In addition to the descriptive fields, there are operational fields for the file(s) being ingested:

  • Publish
    • Whether the item should be automatically published after ingest.
    • Default is "No".
    • To auto-publish, enter value of "Yes".
  • Hidden
    • Whether the item will appear in search/browse results for end users. Use this field to prevent users from discovering items that would be confusing outside some externally-determined context (such as video figures for a research paper or audio clips contextualized in an Omeka exhibit). Hidden items can also provide "security by obscurity" when it is desirable to provide easy access but you don't want to publicize the availability of the items. 
    • Default is "No".
    • To trigger hiding, enter value of "Yes".
    • Hidden items will still appear in search/browse results for those with ingest privileges.
  • File
    • Required file field.  Content files listed in the manifest file must have the correct path noted for where those files are located in the Avalon dropbox, relative to the manifest file.  Additionally, all content files must include a file extension. If necessary, include any directories or subdirectories (note the paths listed in columns D and F in the above example).
    • Repeatable
    • Label, Offset, and Skip Transcoding can be listed in any order following the file they are describing. Absolute Location can only be used following Skip Transcoding if Skip Transcoding is included and its value is set to "yes".
  • Label
    • Label is used for display in single item views. Recommended use is to reflect the content captured in digitized media files (such as the Part 1 and Part 2 of the piece performed or titles of songs).
    • Only repeatable following a file entry.
    • Editable after ingest in "Label" field of Manage Files page
  • Offset
    • Offset is used to set the thumbnail and poster image for the display in search/browse results and single item views. Must be entered between 00:00:00.000 and length of file.
    • Excel will automatically format hh:mm:ss into time.
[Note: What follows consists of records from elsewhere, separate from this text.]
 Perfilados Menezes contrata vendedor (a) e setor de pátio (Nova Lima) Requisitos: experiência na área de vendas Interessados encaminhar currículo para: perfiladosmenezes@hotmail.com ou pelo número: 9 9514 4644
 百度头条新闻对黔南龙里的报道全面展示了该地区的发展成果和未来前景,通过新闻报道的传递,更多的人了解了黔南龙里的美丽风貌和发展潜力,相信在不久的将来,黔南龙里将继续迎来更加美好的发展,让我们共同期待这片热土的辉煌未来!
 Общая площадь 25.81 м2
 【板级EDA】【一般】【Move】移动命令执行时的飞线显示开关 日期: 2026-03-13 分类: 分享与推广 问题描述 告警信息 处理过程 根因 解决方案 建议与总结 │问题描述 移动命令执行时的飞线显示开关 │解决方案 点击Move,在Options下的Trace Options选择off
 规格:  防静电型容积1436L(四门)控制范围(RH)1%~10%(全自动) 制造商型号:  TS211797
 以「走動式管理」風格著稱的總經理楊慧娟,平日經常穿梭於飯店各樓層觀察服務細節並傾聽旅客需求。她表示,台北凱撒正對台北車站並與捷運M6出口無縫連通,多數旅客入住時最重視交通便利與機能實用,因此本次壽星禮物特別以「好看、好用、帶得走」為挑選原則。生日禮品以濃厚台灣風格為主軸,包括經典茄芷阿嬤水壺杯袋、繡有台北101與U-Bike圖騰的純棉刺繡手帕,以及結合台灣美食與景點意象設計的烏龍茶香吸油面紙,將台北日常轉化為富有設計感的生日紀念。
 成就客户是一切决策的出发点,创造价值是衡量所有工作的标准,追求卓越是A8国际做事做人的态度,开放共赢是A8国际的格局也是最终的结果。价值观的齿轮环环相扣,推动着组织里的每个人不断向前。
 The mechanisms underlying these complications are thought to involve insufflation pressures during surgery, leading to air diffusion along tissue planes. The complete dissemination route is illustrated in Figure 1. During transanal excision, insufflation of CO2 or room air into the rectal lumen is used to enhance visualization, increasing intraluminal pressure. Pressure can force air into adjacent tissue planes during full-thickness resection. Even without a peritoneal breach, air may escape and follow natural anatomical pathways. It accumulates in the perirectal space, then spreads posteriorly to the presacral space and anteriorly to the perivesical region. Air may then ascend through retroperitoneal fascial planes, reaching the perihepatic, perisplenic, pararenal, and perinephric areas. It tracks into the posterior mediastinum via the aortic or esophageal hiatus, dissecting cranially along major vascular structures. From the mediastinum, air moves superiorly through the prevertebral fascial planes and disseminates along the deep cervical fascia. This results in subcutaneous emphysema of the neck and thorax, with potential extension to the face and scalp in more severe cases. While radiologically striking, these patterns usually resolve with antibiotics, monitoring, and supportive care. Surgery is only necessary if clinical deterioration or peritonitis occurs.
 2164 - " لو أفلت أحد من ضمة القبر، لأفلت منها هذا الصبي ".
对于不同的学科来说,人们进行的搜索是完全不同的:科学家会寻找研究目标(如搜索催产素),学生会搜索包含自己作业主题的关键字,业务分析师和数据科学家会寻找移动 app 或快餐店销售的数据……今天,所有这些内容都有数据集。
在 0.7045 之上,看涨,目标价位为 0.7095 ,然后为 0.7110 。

To circumvent this, begin time offset with a single quote, for example: '0:10 for 00:00:10 and '1:06 for 00:01:06.
    • Only repeatable following an additional file.
    • Default is 2 seconds into playback. 
    • Only applicable to video files. Audio files have a default thumbnail, offset will be ignored.
    • If a record contains multiple files, the first offset listed will set the thumbnail and poster image for the Avalon record.
    • Editable after ingest in "Poster Offset" field of Manage Files page or on the item preview page.
  • Skip Transcoding
    • Skip Transcoding is used if a pre-encoded derivative of the file is what is being uploaded to Avalon instead of the master version of the file. This presumes that the derivative(s) match the requirements explained in Avalon Derivatives. Master file location information should be included for complete object ingest. See Absolute Location (below) for further information.
    • Only repeatable following a file entry.
    • Valid values: “yes” or “no”
    • See section below for skipping transcoding with multiple quality levels of derivative.
  • Absolute Location
    • Absolute Location is used with Skip Transcoding to indicate the location of the master version of a video or audio file when the file uploaded to Avalon is a pre-encoded derivative.
    • Only repeatable following Skip Transcoding if Skip Transcoding is included and its value is set to “yes”.
    • If Skip Transcoding is set to “no” or not included, Absolute Location will be ignored.
    • Absolute Location should be the full URI path of the server housing the master version of the file.
  • Date Ingested
    • This represents the date the item was ingested into Avalon Media System.
    • This date will not be visible within the user interface to normal users.
    • For system administrators and collection managers, a Limit By facet with these values will be available for search/browse.
    • If this column is not included, Date Ingested will automatically be set to the day on which the ingest process is completed by Avalon.
    • Include a valid date with format 2015-12-31 in this column to override the value being automatically set by the system. 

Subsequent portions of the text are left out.